Britain | All change

Explore our prediction model for Britain’s looming election

The scale of the task facing Rishi Sunak is clear

A photo collage of Rishi Sunak and Keir Starmer looking at a target
Illustration: Nate Kitch

There have been 17 elections in Britain since the start of 1959 and the Conservative Party has been successful in ten of them. The next one is almost certain to take place in the second half of this year. It is safe to say that Rishi Sunak’s Tories are very unlikely to add to their victory tally: they currently trail Labour, led by Sir Keir Starmer, by 20 percentage points in the polls. But it is tricky to predict how many MPs each party will have, partly because national voting intentions do not convert simply into seats in Parliament. In 1997, for example, the Labour Party won 63% of the seats on 43% of the vote.

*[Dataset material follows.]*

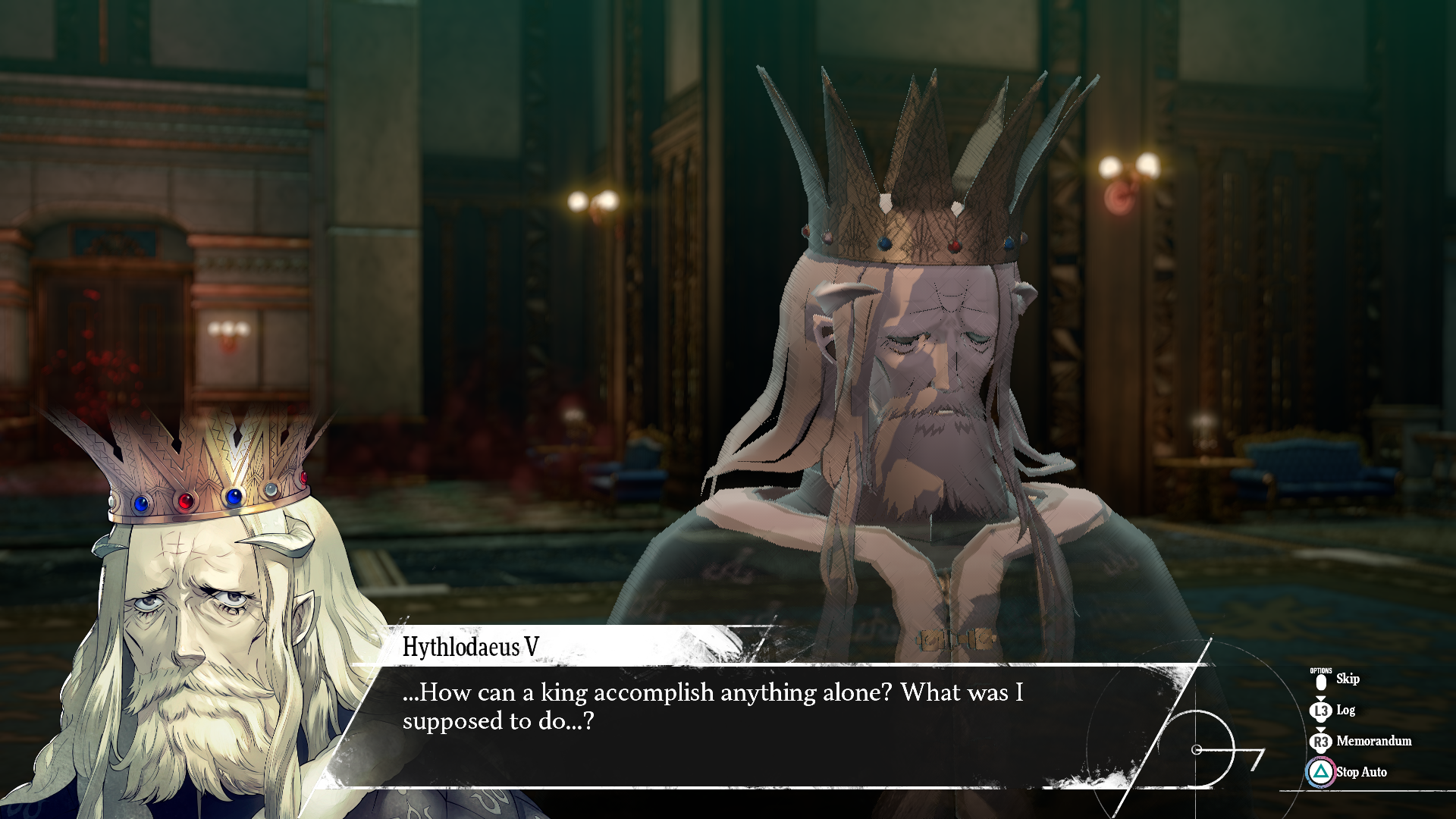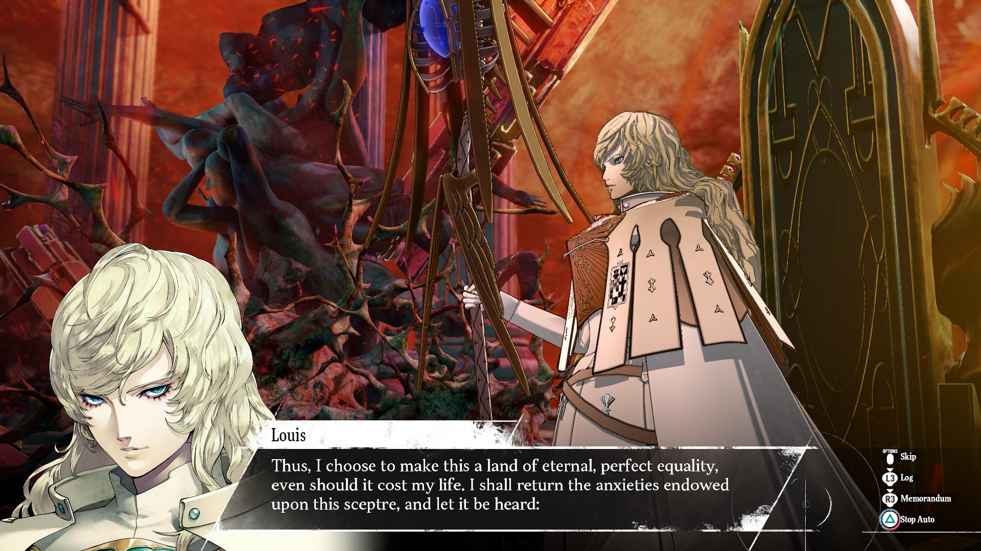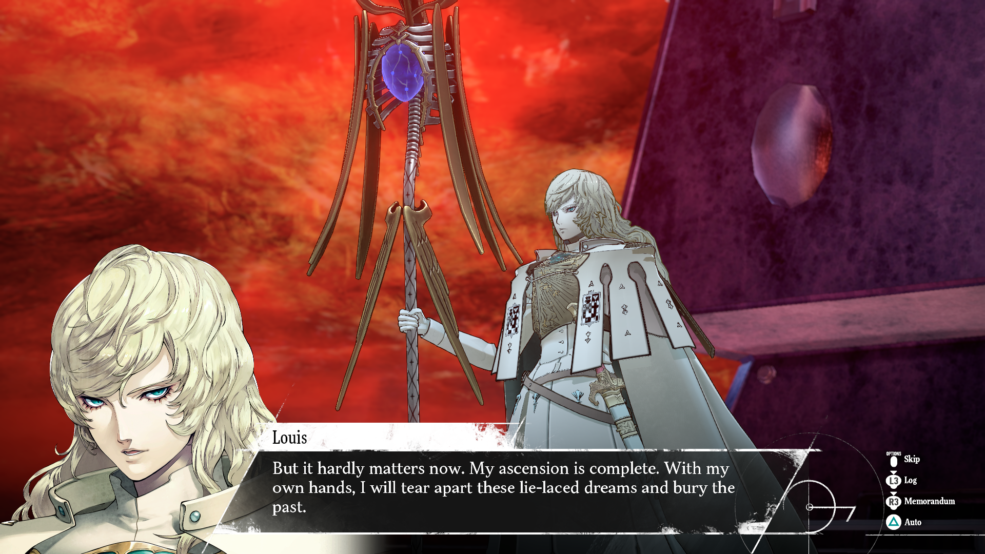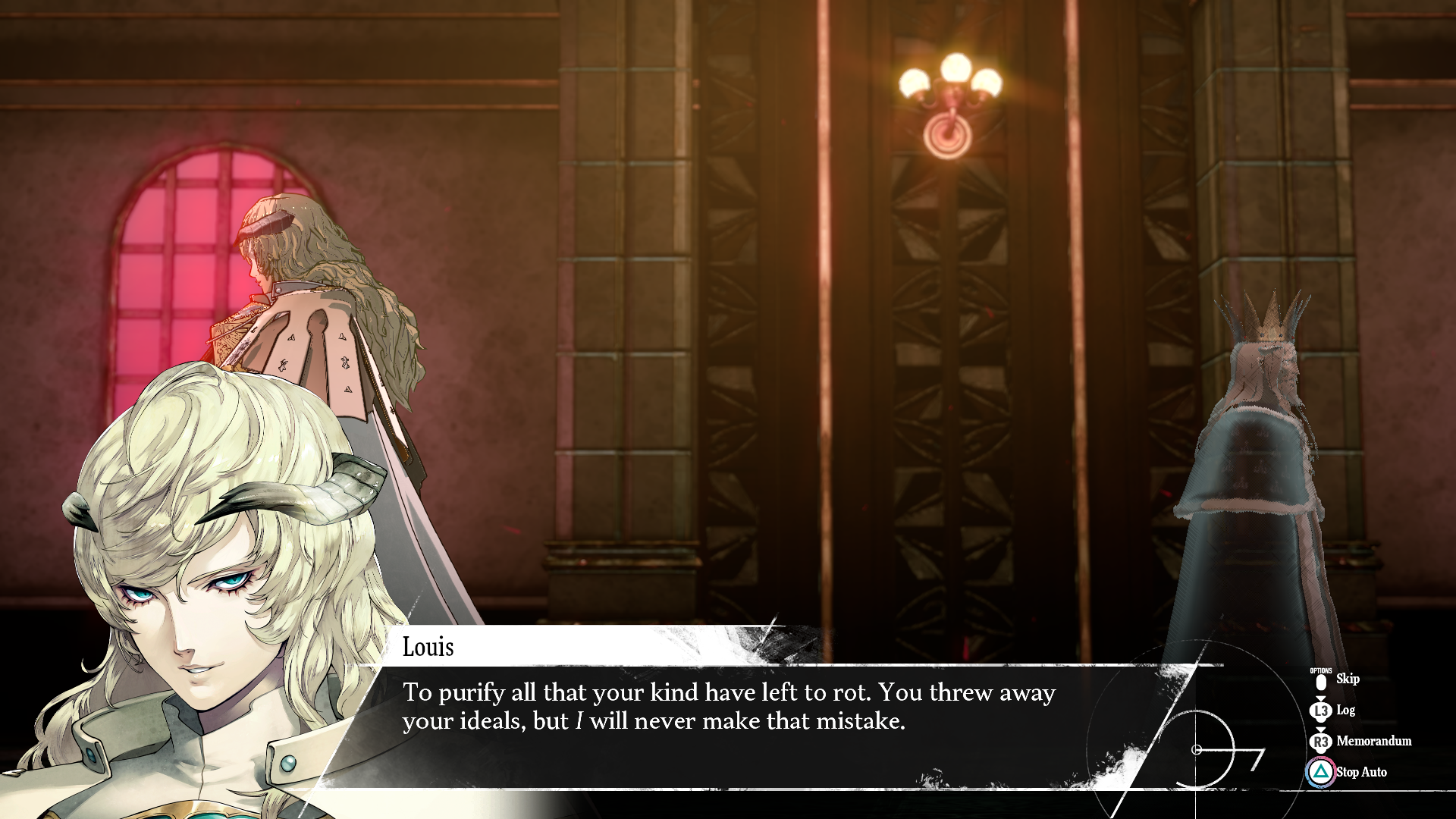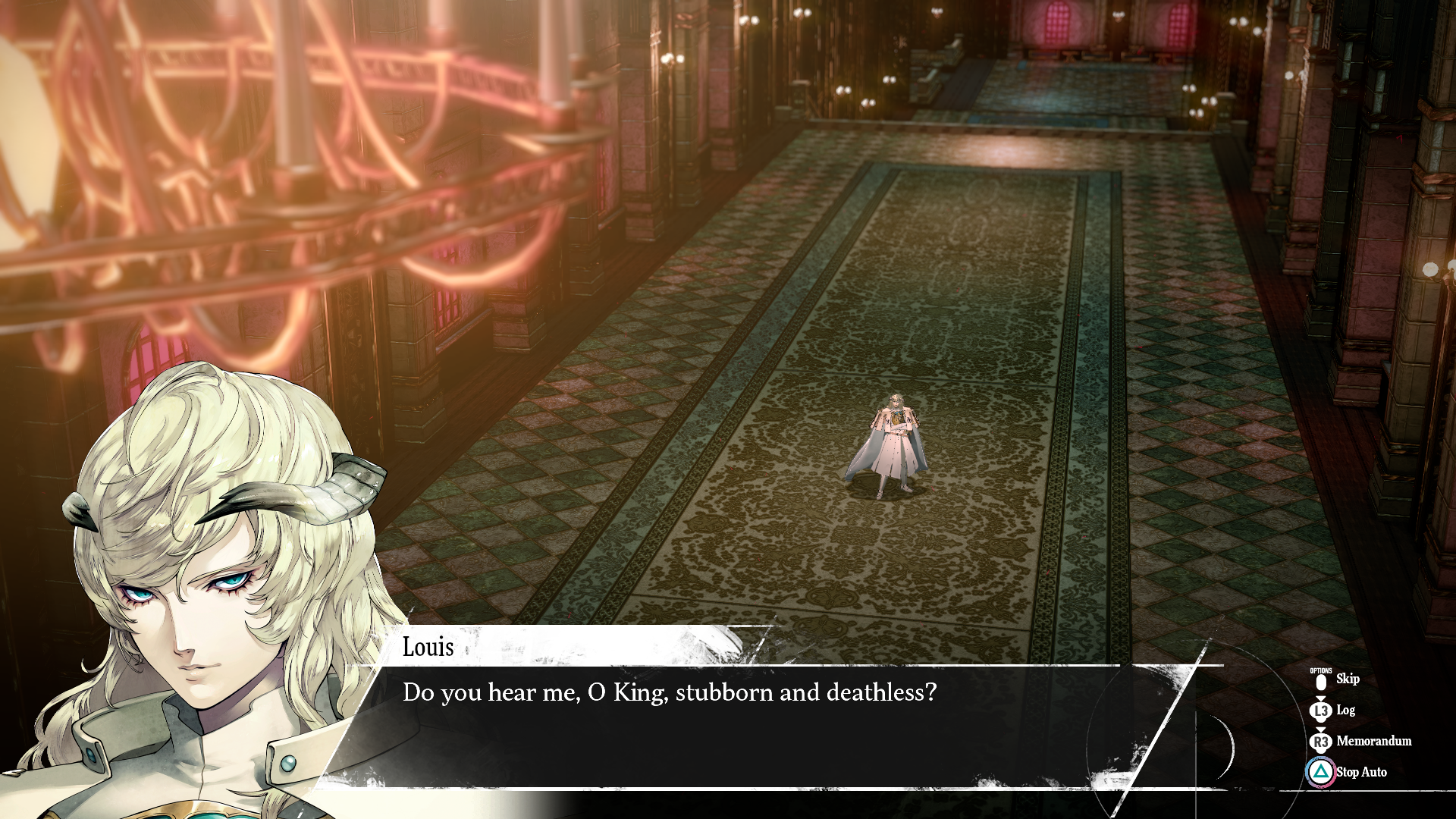 It has never been his own revolutionary dream, but rather the desire to keep Hythlodaeus' fickle dream alive, no matter how much he has twisted it. That scene in the throne room, which is triggered when the Player first enters the Skybound Avatar, is one of the few moments in the game, if not the only one, where Louis speaks to himself. With no need to keep up appearances or deceive anyone, he speaks with complete sincerity, saying that he has never blamed the king for his mistakes and that he will continue to pursue his ideals where the King failed...

To tackle this problem, The Economist has built a new prediction model using 9,398 individual constituency-level election results along with available polling data from every election since 1959. Our model builds on the simple principle of uniform national swing—the idea that support for parties rises and falls across all constituencies in the country by the same magnitude—and augments it with specific regional polling from Scotland, Wales, London and so on. The output is not so much a forecast as a “nowcast”—a prediction of what would happen if the election were held tomorrow. If you happen to be Mr Sunak, you should look away now.